Why Tides Rise and Fall

The tides of large bodies of water and the ocean are caused mostly due to gravitational pull of the moon and partially due to gravitational pull from the sun. As the Earth rotates and spins on its axis it gets closer to the sun during the day and closer to the moon at night. The sun is very, very far away but can still exert some gravitational influence. The moon is relatively close and has a large influence with respect to gravitational pull.

Each day there are high and low tides because of the imbalance of gravitational pull. When the Earth is closer to the moon the oceans are pulled toward the moon.  This pull can create high tides in some places and low tides in others. The places where the water is pushed inland are experiencing a high tide while the places where water is pulled away experience low tide. These tides can be drastically different. A channel can be nearly empty at low tide and filled to the top of the dock at high tide.

Inertia also plays a role in the tides. Inertia is the resistance to any physical object to change its state of motion or resting state. This means that the gravitational pull has to overcome the force of inertia in order to cause a tide. The moon has a rather strong gravitational pull and it therefore can easily overcome the force of inertia of the water. The sun does have some influence but has a harder time causing tides because of its distance.

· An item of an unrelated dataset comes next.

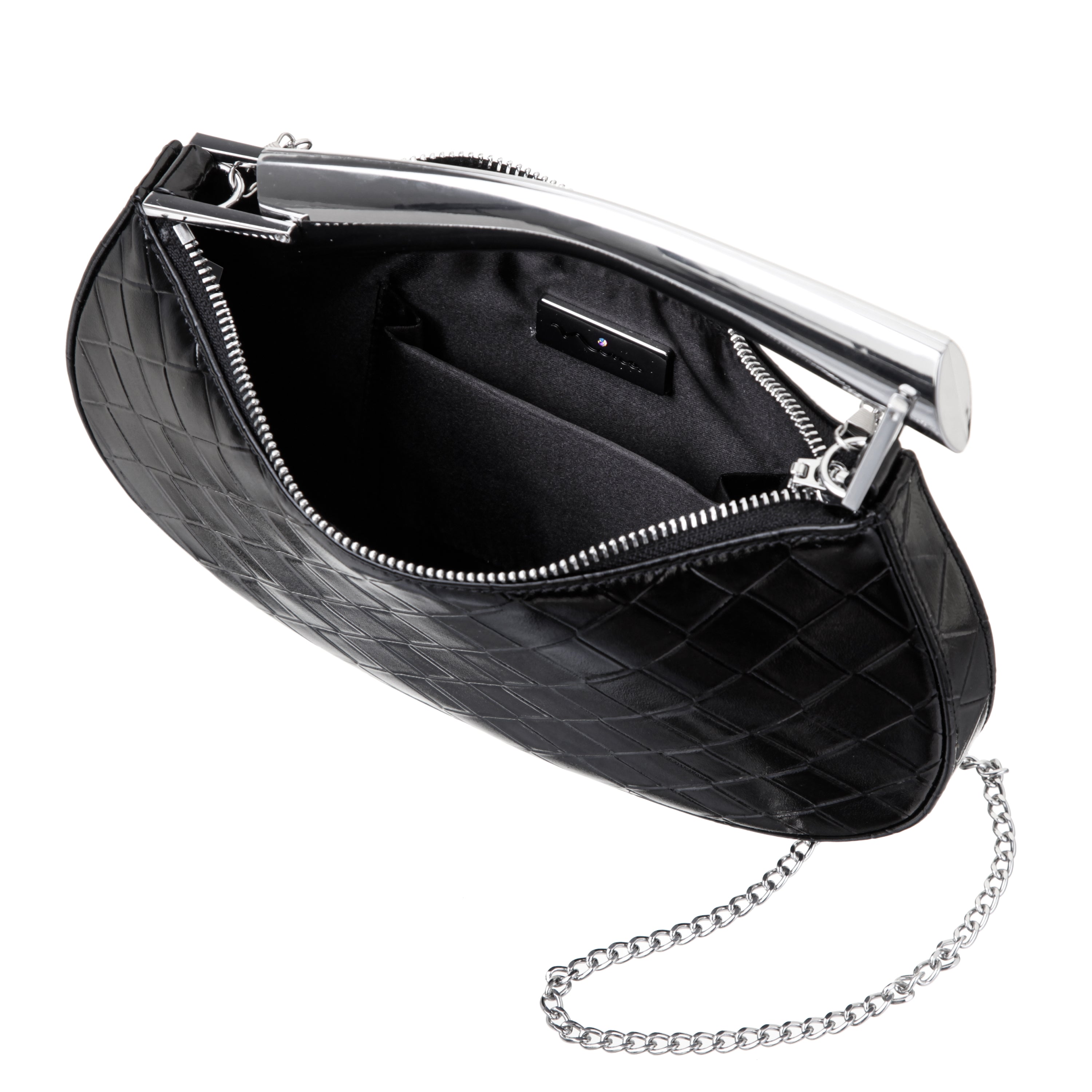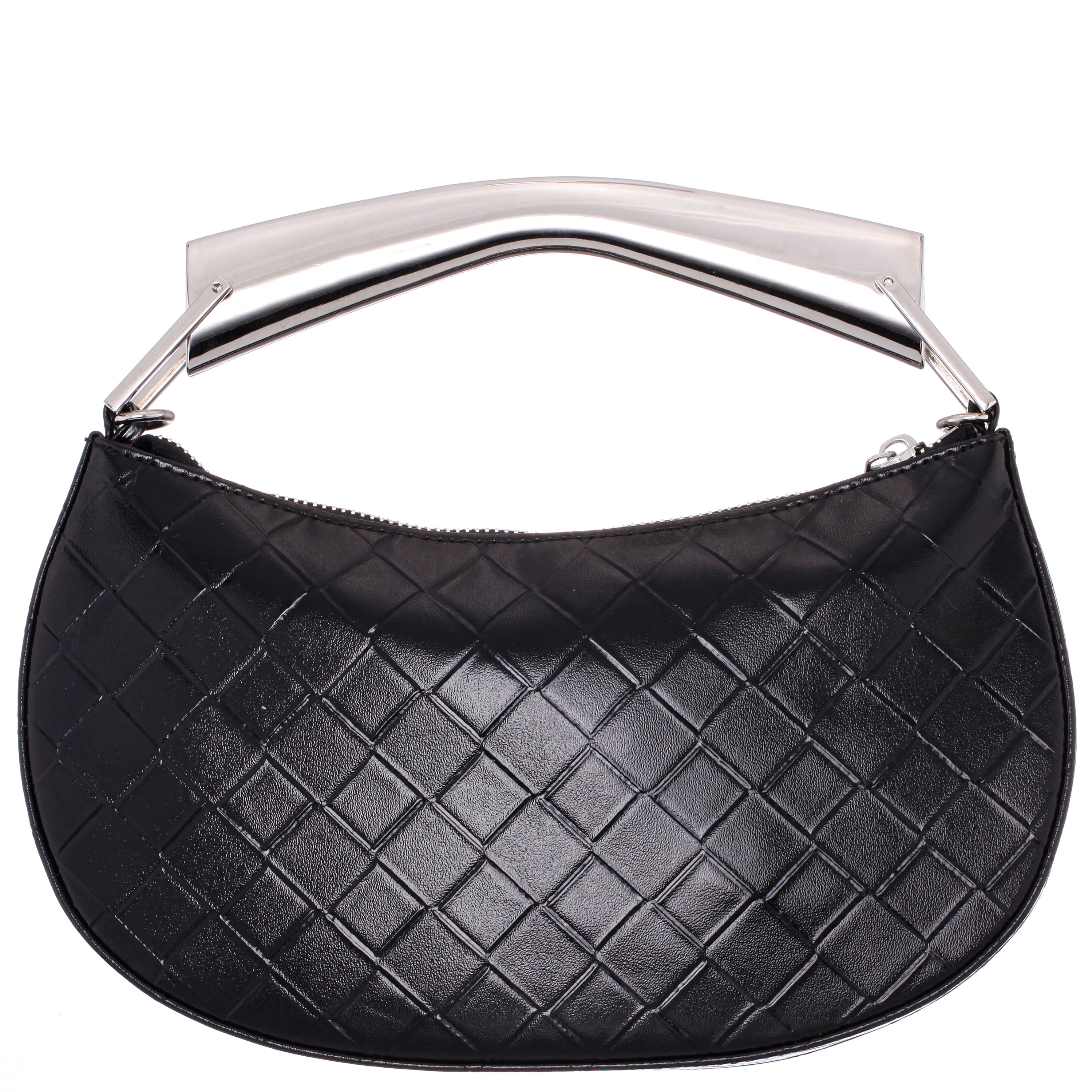 The CORY by Nina is the ultimate blend of modern elegance and artistic craftsmanship. Designed with a sleek half-moon silhouette, this stunning bag features an embossed woven texture that adds depth and dimension to its metallic faux leather body. The sculpted metal handle, with a 3" drop length, enhances its sophisticated appeal, while the 18" flat curb chain strap offers a stylish hands-free carrying option. Secured with a smooth zipper closure, the satin-lined interior includes a back wall pocket for easy organization. Perfect for evening soirées, upscale events, or adding a polished touch to your ensemble, the CORY is a true statement accessory. For complementary styles, explore our satin shop or browse our newest arrivals.

The resultant force of gravitational pull can cause bulges of water. There is one when the moon and Earth are closest to each other and another when they are the farthest apart. As the season change, so does the angle at which the Earth and the moon near each other. This is known as declination. During the summer and fall equinoxes, the moon has the least influence on the tides because it is closest to the equator. During the summer and winter equinoxes, there is more influence from the moon.

The lunar day is twenty four hours and fifty minutes, slightly longer than a solar day as it is measured on Earth. As a result, some regions can experience to tidal bulges each lunar day. This is why there is a high tide every twelve hours and twenty five minutes.  This is also why tidal charts are necessary. The charting system must take into account the season, the closeness of the Earth to the moon and the cycle of the lunar day.